--- Recorded data ---
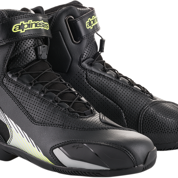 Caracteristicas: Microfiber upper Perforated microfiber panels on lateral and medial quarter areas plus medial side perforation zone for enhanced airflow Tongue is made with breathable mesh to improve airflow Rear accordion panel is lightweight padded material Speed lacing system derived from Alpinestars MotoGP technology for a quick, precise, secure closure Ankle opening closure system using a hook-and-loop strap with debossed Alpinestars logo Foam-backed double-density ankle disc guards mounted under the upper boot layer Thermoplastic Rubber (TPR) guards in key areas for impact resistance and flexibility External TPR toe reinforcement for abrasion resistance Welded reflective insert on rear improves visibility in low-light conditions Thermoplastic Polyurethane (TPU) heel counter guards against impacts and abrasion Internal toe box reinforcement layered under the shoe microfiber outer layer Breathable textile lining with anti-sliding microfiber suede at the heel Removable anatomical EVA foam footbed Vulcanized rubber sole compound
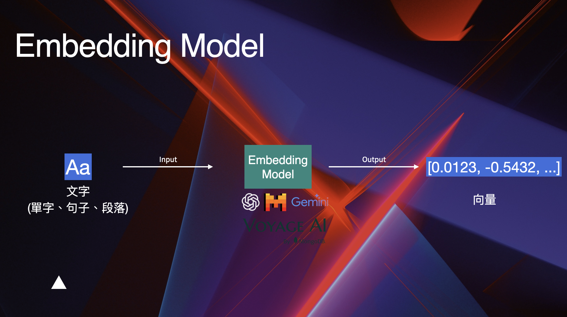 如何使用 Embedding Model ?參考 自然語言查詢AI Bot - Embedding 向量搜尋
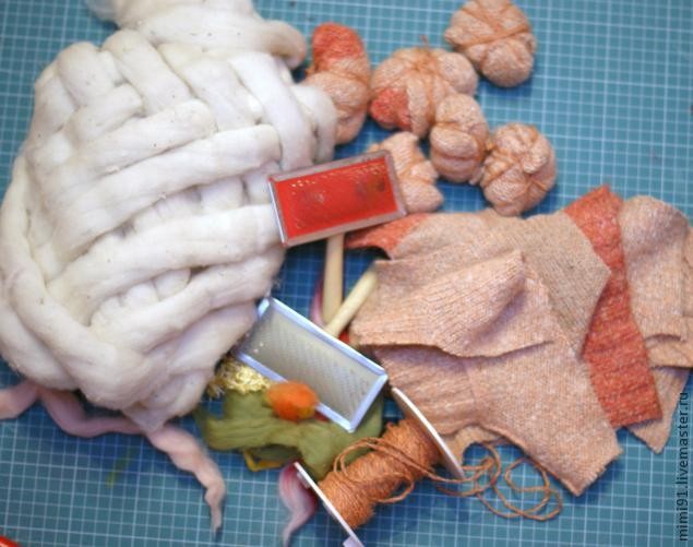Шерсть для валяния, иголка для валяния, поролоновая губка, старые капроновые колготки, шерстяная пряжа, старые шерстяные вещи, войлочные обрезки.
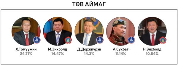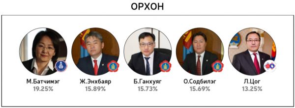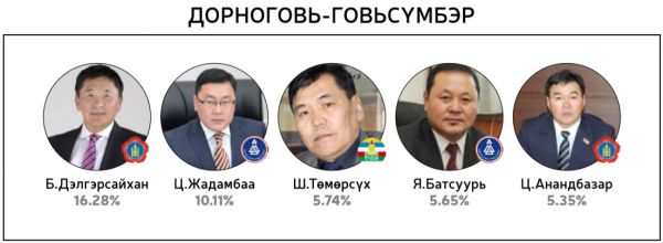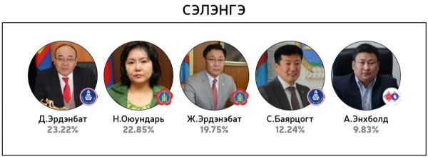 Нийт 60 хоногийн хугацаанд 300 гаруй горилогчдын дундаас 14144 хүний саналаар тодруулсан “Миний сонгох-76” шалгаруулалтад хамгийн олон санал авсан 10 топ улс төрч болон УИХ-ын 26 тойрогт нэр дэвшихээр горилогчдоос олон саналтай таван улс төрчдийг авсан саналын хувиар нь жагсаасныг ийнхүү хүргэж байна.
---
--- Recorded data ---
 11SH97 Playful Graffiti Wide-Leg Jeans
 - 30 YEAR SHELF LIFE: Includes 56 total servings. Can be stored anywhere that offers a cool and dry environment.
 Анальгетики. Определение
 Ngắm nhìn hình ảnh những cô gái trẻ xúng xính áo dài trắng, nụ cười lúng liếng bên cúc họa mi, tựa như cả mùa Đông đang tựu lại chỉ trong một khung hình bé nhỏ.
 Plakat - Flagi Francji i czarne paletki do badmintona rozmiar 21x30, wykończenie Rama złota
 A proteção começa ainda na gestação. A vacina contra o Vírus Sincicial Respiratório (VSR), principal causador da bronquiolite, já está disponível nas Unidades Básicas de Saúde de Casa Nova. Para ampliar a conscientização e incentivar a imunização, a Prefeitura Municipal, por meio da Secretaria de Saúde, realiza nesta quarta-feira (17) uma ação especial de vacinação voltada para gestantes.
---
[Task requirements] Set down word for word the lines above from the one with "如何使用 Embedding Model" up to and including the one with "Нийт 60 хоногийн". Omit every picture.

[Answer to this exercise]
 如何使用 Embedding Model ?參考 自然語言查詢AI Bot - Embedding 向量搜尋
Шерсть для валяния, иголка для валяния, поролоновая губка, старые капроновые колготки, шерстяная пряжа, старые шерстяные вещи, войлочные обрезки.
 Нийт 60 хоногийн хугацаанд 300 гаруй горилогчдын дундаас 14144 хүний саналаар тодруулсан “Миний сонгох-76” шалгаруулалтад хамгийн олон санал авсан 10 топ улс төрч болон УИХ-ын 26 тойрогт нэр дэвшихээр горилогчдоос олон саналтай таван улс төрчдийг авсан саналын хувиар нь жагсаасныг ийнхүү хүргэж байна.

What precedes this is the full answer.